Former Iran Lawmakers Offer Nuclear Compromise

إقرأ هذا الخبر بالعربية W460

Exiled former Iranian lawmakers on Thursday proposed a compromise to avert conflict over Tehran's nuclear program, calling for an end to sensitive uranium enrichment and an easing of U.S.-led sanctions.

In a letter sent to U.S. President Barack Obama, Iran's supreme leader Ayatollah Ali Khameini and the European Union, the seven ex-MPs said that a solution to the crisis was possible if all sides sought a "win-win" outcome.

The former lawmakers, who support greater freedoms inside Iran, proposed that the clerical regime halt enrichment of uranium of fissile purities of 20 percent, a level that could be used for a nuclear bomb if further enriched.

Iran would put its 20-percent stockpile under monitoring of the U.N. International Atomic Energy Agency, which would carry out inspections of the nuclear program.

Iran would enjoy the right to enrichment at lower levels as well as guarantees of sufficient fuel to research reactors for peaceful use.

In turn, the United States and five other nations negotiating with Iran -- Britain, China, France, Germany and Russia -- would lay out a clear timetable to ease sanctions that the lawmakers said have caused pain in the country.
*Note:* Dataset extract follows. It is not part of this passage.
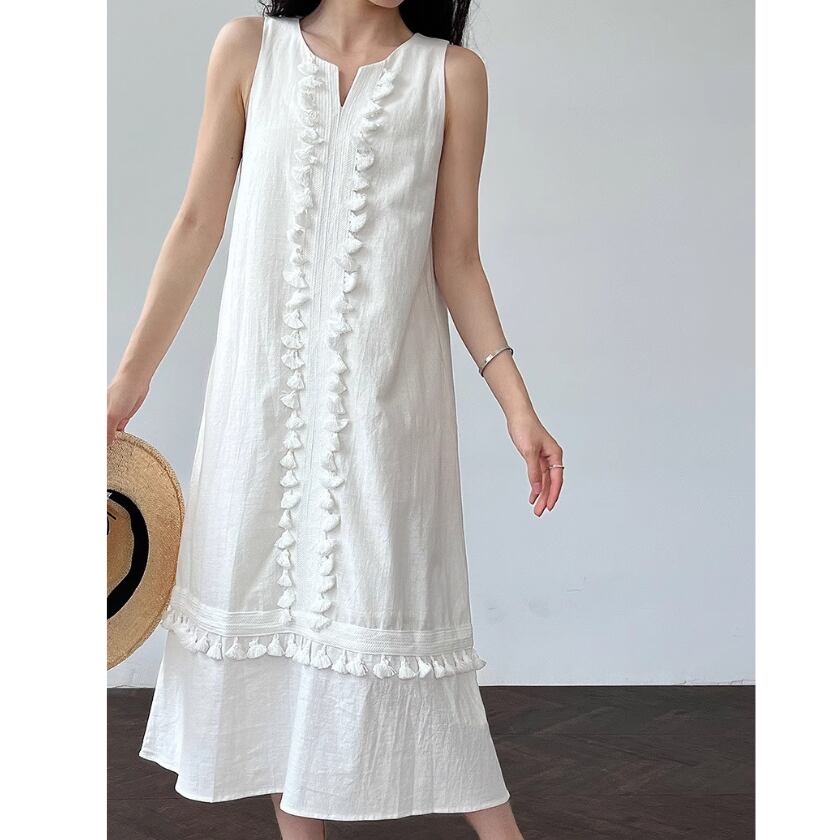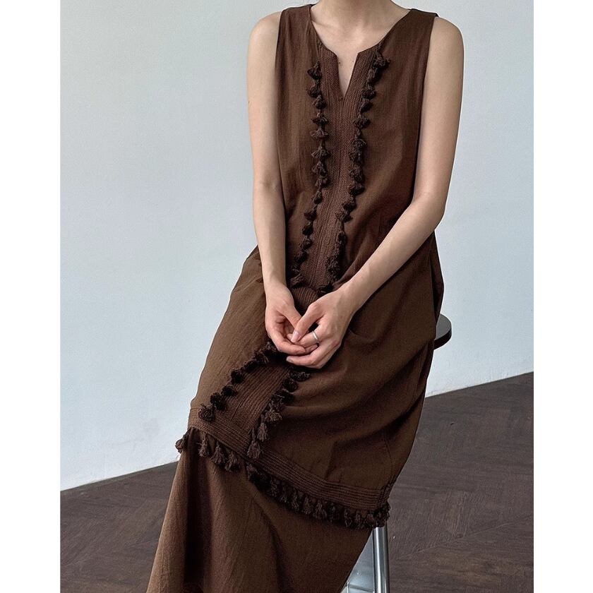 2col.タッセルデザイン ノースリーブワンピース S0298

Fatemeh Haghighatjoo, a former reformist member of the Iranian parliament who lives in Boston, said that the sweeping Western sanctions helped bring Tehran to talks but doubted they would change the regime's behavior further.
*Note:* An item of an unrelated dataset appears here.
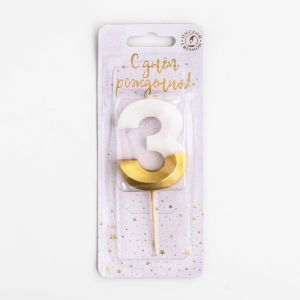 Свеча для торта "Грань" золотая - цифра "3" 7,8 см

"We know how these sanctions actually hurt. Even people can't get enough medicine," she said at the Woodrow Wilson Center for International Scholars.

"Anti-West sentiment will be increased if sanctions keep continuing and we will gradually lose this social capital" of the population's positive feelings toward the West, she said.

Ali Akbar Mousavi, another former reformist lawmaker who lives in the United States, said Khamenei "needs at least a small victory," such as official Western recognition of the right to enrichment at purely civilian levels.

"He wants to say to competitors... 'Look, I won and you lost,'" Mousavi said.

The United States has voiced disappointment over Iran's response to international talks and has steadily ramped up sanctions, including trying to ban all exports of oil, its key source of foreign exchange.

U.S.-ally Israel has refused to rule out a military strike, and American officials have repeatedly said they will do whatever it takes to stop Iran getting a nuclear weapon.

Iran says that its program is for peaceful purposes. U.S. intelligence has not concluded that the regime has taken the decision to build a nuclear bomb.